Exact transcription, pictures omitted: begin at the top line of the records below and end with the line bearing "Слайд 17Працівники служби".

Data Start Marker

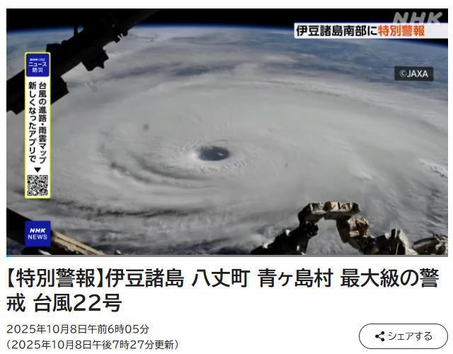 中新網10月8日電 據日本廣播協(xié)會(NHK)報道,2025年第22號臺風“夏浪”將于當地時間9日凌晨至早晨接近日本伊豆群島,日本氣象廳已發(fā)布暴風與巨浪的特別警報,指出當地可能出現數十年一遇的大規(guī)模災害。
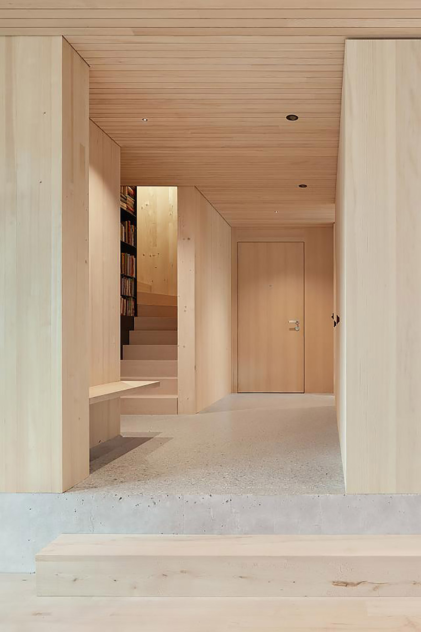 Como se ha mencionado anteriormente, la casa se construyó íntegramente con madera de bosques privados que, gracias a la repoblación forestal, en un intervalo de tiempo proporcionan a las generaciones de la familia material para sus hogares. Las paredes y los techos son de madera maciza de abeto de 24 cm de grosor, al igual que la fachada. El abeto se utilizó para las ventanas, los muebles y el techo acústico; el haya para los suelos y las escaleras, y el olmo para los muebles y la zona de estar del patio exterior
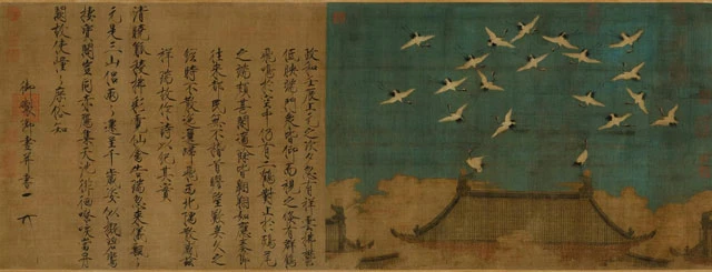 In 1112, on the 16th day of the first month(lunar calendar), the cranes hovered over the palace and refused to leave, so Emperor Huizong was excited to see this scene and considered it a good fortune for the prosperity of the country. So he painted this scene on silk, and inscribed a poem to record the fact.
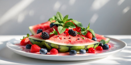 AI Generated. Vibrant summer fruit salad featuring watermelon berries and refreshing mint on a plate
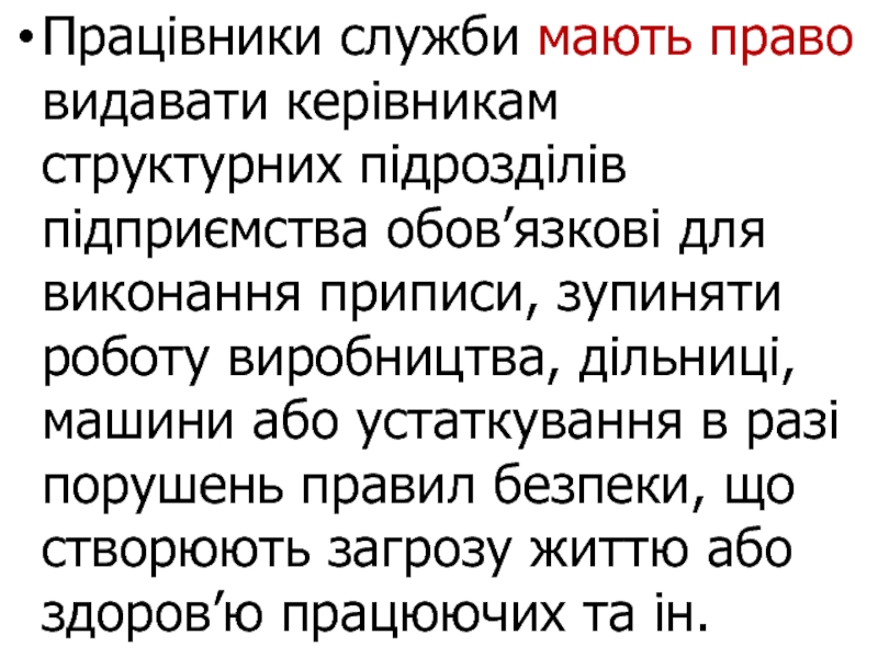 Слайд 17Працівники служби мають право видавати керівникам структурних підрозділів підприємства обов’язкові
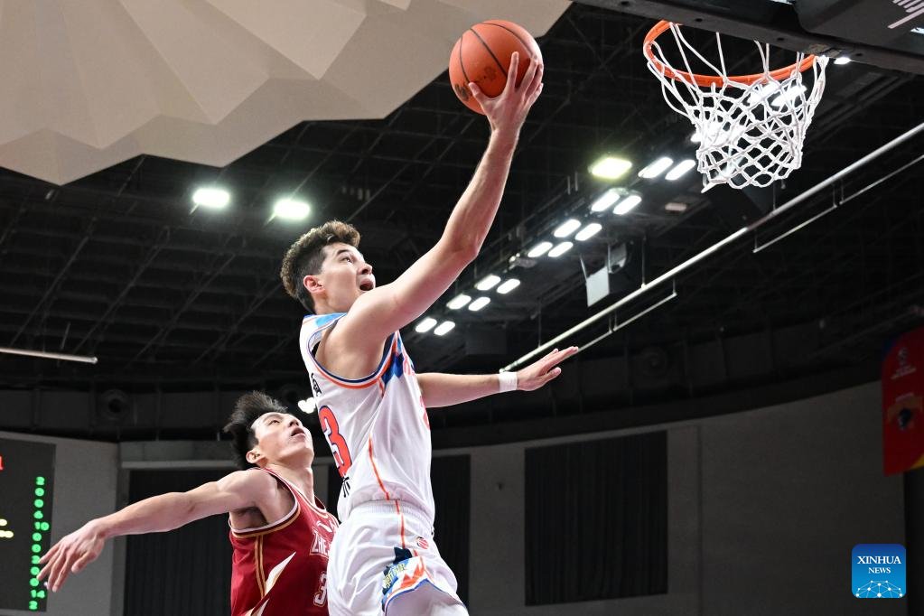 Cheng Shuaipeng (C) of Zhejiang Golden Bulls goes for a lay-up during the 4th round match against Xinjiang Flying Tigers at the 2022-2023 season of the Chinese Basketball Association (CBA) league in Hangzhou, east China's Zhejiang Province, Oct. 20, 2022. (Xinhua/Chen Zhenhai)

Data End Marker

■ Exercise answer
 中新網10月8日電 據日本廣播協(xié)會(NHK)報道,2025年第22號臺風“夏浪”將于當地時間9日凌晨至早晨接近日本伊豆群島,日本氣象廳已發(fā)布暴風與巨浪的特別警報,指出當地可能出現數十年一遇的大規(guī)模災害。
 Como se ha mencionado anteriormente, la casa se construyó íntegramente con madera de bosques privados que, gracias a la repoblación forestal, en un intervalo de tiempo proporcionan a las generaciones de la familia material para sus hogares. Las paredes y los techos son de madera maciza de abeto de 24 cm de grosor, al igual que la fachada. El abeto se utilizó para las ventanas, los muebles y el techo acústico; el haya para los suelos y las escaleras, y el olmo para los muebles y la zona de estar del patio exterior
 In 1112, on the 16th day of the first month(lunar calendar), the cranes hovered over the palace and refused to leave, so Emperor Huizong was excited to see this scene and considered it a good fortune for the prosperity of the country. So he painted this scene on silk, and inscribed a poem to record the fact.
 AI Generated. Vibrant summer fruit salad featuring watermelon berries and refreshing mint on a plate
 Слайд 17Працівники служби мають право видавати керівникам структурних підрозділів підприємства обов’язкові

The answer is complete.